MultiPeriodDiD.fit() extends its existing avg_att DOF block (introduced
in PR #459) to branch on effective_cluster_ids: one-way
_compute_bm_dof_from_contrasts when None, cluster-aware
_compute_cr2_bm_contrast_dof otherwise. Cluster IDs are per-observation
length n and are NOT subscripted by the rank-deficient column-drop
mask `_kept` (which indexes coefficients, not observations).
R parity verified at atol=1e-10 against clubSandwich's
Wald_test(constraints=matrix(c, 1), test="HTZ")$df_denom on a new
mpd_clustered_avg_att_dof fixture in
benchmarks/data/clubsandwich_cr2_golden.json.
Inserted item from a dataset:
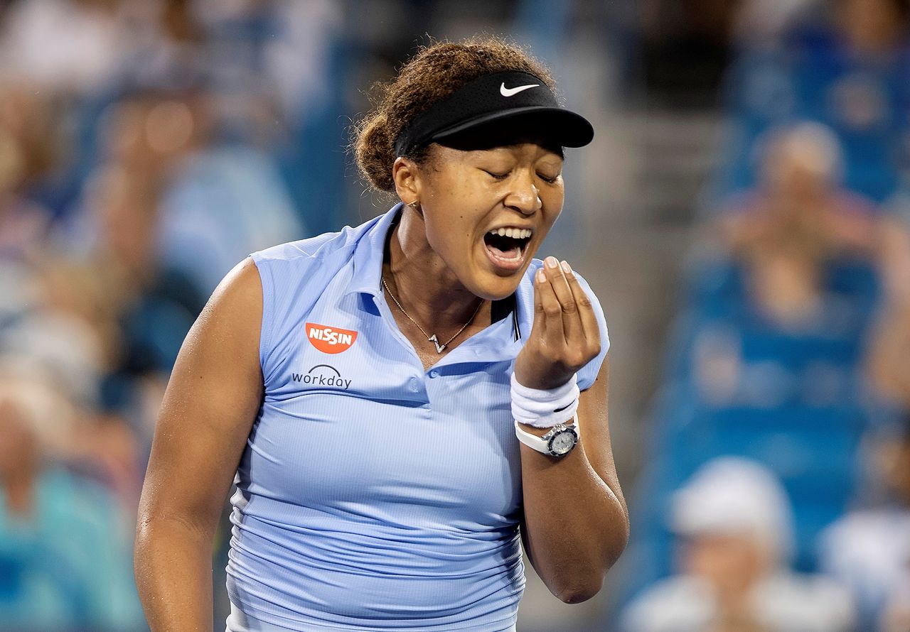 FILE PHOTO: Aug 19, 2021; Mason, OH, USA; Naomi Osaka (JPN) reacts during a match against Jil Teichmann (SUI) during the Western and Southern Open at the Lindner Family Tennis Center. Mandatory Credit: Susan Mullane-USA TODAY Sports

On a 1-row constraint
matrix, HTZ reduces to a Satterthwaite t-test and its df_denom IS the
BM Satterthwaite DOF. The pre-flight smoke test against this same R
target passed at atol=1e-13 before any source edits.
Tests:
- TestCR2BMContrastDOF (4 new tests): refactor regression vs library,
R-parity for compound contrast, shape validation, cluster-count
validation.
- test_multi_period_cluster_plus_hc2_bm_rejected flipped to
test_multi_period_cluster_plus_hc2_bm_produces_finite_inference
(end-to-end MPD wire-through with finite avg_att / period_effects
inference assertions).
After this PR, 3 of 6 HC2/HC2-BM gates are lifted (DiD-absorb #458,
MPD-absorb #459, MPD-cluster-contrast-DOF this PR). Remaining: TWFE
absorb (Gate 1), weighted HC2-BM (Gates 4-5).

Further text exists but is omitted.